Task to carry out:
Would you print only the lines running from the one with "A Caribbean woman" to the final line of the data below, word for word and without pictures?

Exercise data:
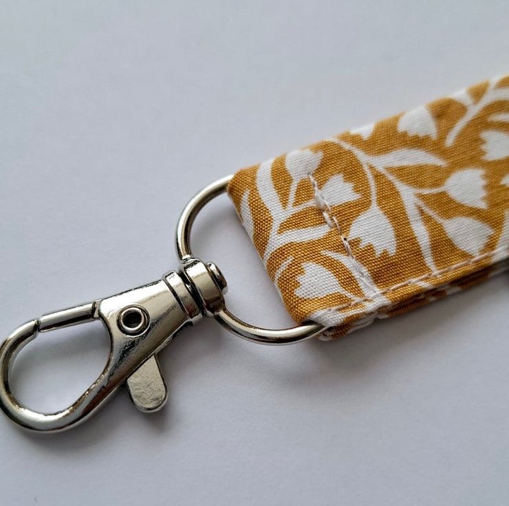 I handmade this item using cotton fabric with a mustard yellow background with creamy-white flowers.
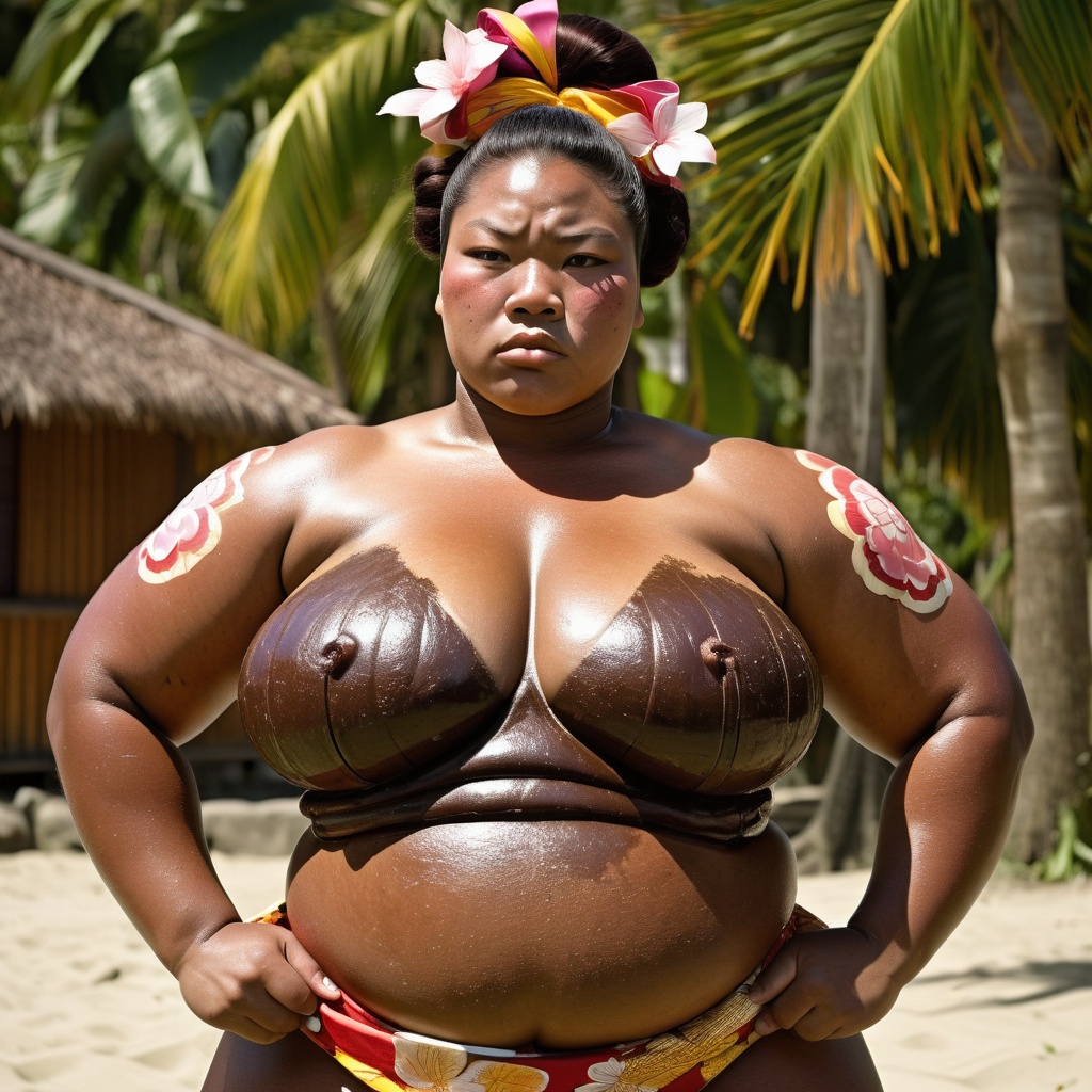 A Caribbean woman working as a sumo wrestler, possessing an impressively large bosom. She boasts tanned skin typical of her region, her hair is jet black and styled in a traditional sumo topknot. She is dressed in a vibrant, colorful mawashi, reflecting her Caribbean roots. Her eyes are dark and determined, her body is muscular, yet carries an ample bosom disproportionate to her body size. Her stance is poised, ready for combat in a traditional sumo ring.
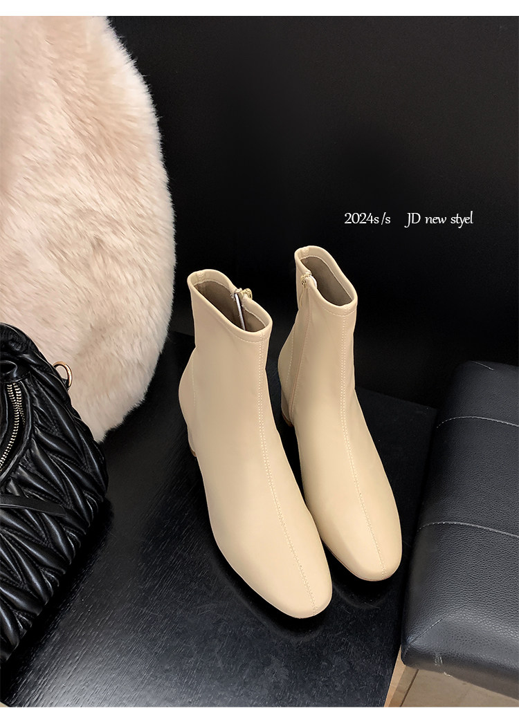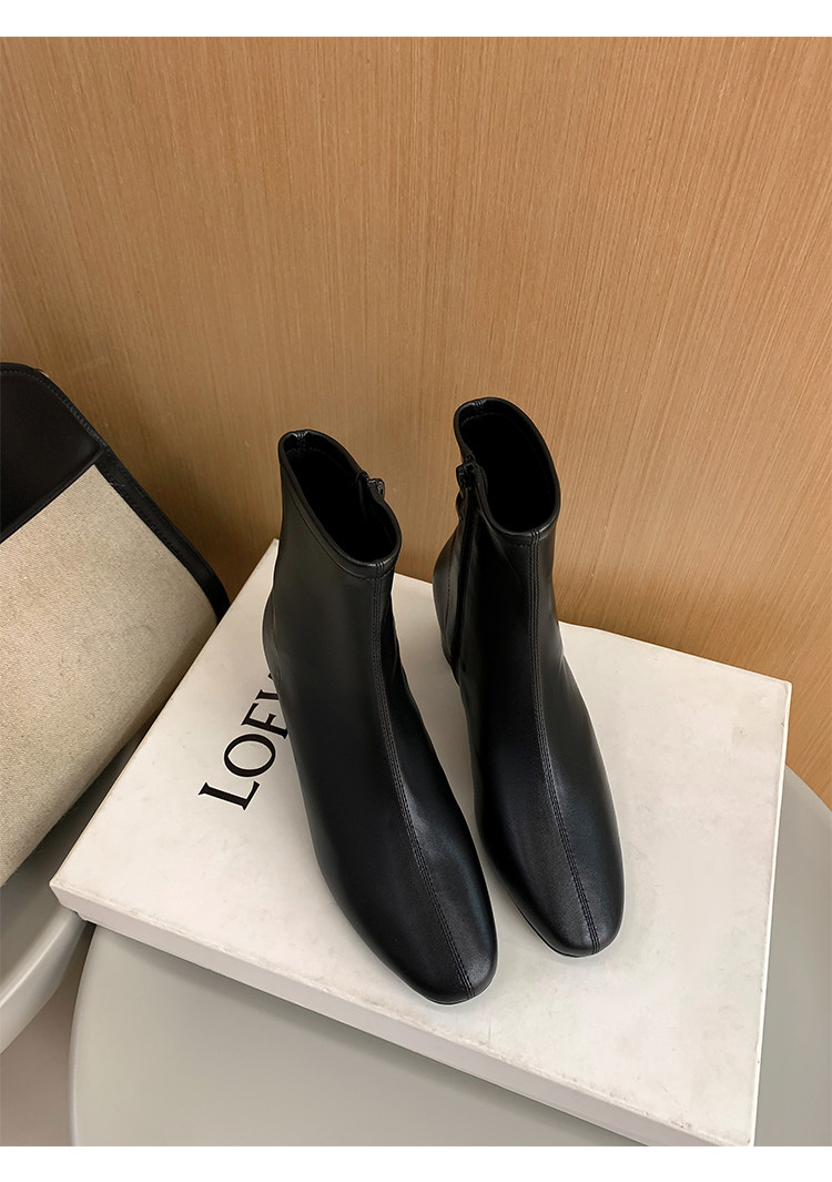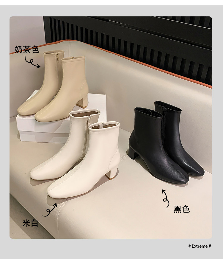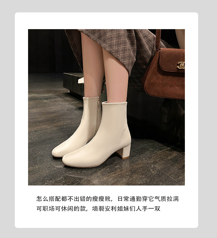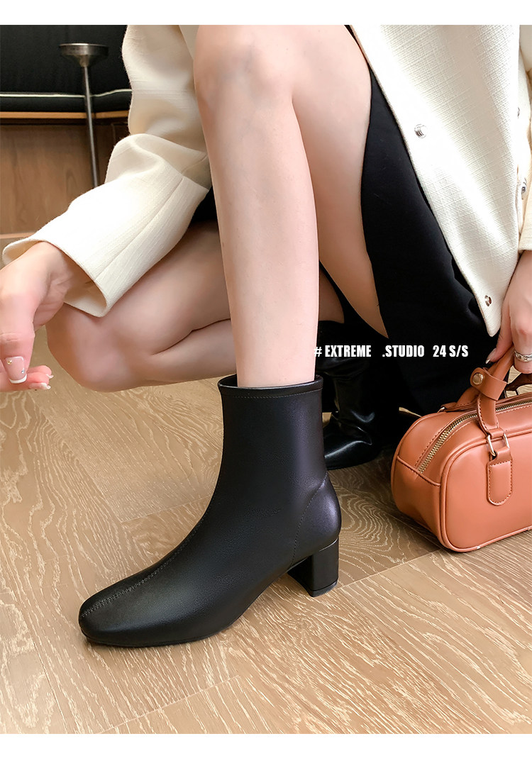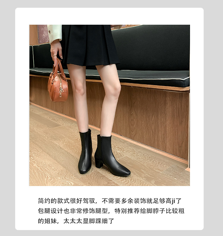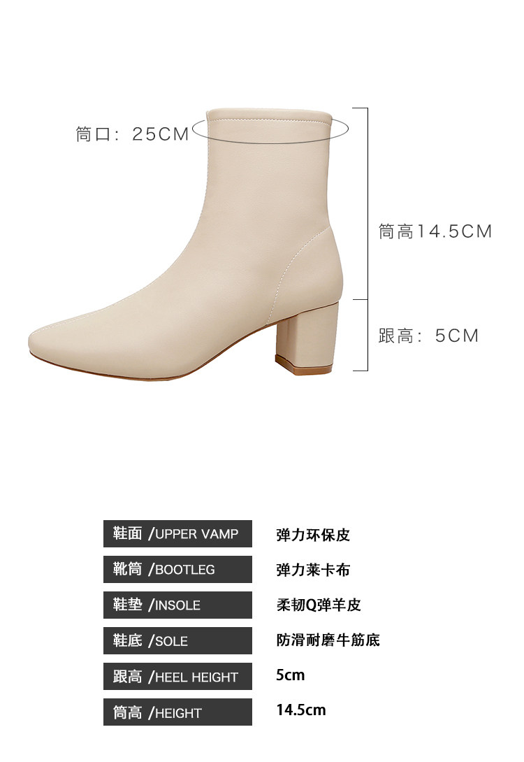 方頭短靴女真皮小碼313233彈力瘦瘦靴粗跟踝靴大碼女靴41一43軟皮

Result of the exercise:
 A Caribbean woman working as a sumo wrestler, possessing an impressively large bosom. She boasts tanned skin typical of her region, her hair is jet black and styled in a traditional sumo topknot. She is dressed in a vibrant, colorful mawashi, reflecting her Caribbean roots. Her eyes are dark and determined, her body is muscular, yet carries an ample bosom disproportionate to her body size. Her stance is poised, ready for combat in a traditional sumo ring.
 方頭短靴女真皮小碼313233彈力瘦瘦靴粗跟踝靴大碼女靴41一43軟皮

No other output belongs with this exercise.